EXERCISE BRIEF.
Could you set down exactly the lines in the records below between the line holding "Trong tâm tình" and the line holding "- UNIX에서 프로세스는 트리 구조로 관리된다.", inclusive?

MATERIAL PROVIDED.
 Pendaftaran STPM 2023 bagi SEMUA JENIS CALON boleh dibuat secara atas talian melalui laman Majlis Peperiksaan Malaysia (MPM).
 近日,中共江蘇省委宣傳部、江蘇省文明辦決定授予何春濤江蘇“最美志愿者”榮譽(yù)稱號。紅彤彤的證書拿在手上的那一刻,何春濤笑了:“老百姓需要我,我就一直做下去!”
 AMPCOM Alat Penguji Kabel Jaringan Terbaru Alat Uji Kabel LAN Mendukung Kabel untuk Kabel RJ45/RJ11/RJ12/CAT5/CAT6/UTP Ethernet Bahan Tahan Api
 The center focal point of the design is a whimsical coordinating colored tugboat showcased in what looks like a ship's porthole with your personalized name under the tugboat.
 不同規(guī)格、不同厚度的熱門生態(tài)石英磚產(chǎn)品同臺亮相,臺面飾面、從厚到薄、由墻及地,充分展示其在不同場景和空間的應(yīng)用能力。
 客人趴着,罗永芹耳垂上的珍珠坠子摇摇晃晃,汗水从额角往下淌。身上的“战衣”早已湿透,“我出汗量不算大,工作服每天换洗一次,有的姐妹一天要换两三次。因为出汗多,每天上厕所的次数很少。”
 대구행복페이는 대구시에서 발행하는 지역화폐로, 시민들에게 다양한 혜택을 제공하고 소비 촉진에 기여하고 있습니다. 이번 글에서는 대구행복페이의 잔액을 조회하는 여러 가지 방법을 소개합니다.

---

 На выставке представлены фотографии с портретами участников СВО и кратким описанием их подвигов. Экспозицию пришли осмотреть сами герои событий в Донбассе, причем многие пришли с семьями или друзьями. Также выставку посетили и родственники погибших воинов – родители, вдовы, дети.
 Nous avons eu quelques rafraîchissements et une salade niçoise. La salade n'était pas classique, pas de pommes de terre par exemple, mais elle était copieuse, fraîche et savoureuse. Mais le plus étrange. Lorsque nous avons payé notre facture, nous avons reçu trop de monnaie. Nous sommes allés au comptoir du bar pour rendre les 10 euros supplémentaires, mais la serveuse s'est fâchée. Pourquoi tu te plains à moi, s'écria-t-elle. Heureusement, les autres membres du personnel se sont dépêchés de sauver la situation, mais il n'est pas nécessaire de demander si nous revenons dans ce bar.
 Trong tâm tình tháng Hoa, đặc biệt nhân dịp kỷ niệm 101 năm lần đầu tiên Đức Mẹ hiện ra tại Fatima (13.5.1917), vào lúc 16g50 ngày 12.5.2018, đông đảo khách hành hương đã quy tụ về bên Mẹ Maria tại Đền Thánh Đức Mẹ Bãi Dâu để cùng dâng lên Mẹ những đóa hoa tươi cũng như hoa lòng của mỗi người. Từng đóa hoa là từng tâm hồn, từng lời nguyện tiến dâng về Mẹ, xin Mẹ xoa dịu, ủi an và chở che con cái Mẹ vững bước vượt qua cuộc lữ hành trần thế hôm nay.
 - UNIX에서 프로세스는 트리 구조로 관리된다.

OUTPUT OF THE TASK.
 Trong tâm tình tháng Hoa, đặc biệt nhân dịp kỷ niệm 101 năm lần đầu tiên Đức Mẹ hiện ra tại Fatima (13.5.1917), vào lúc 16g50 ngày 12.5.2018, đông đảo khách hành hương đã quy tụ về bên Mẹ Maria tại Đền Thánh Đức Mẹ Bãi Dâu để cùng dâng lên Mẹ những đóa hoa tươi cũng như hoa lòng của mỗi người. Từng đóa hoa là từng tâm hồn, từng lời nguyện tiến dâng về Mẹ, xin Mẹ xoa dịu, ủi an và chở che con cái Mẹ vững bước vượt qua cuộc lữ hành trần thế hôm nay.
 - UNIX에서 프로세스는 트리 구조로 관리된다.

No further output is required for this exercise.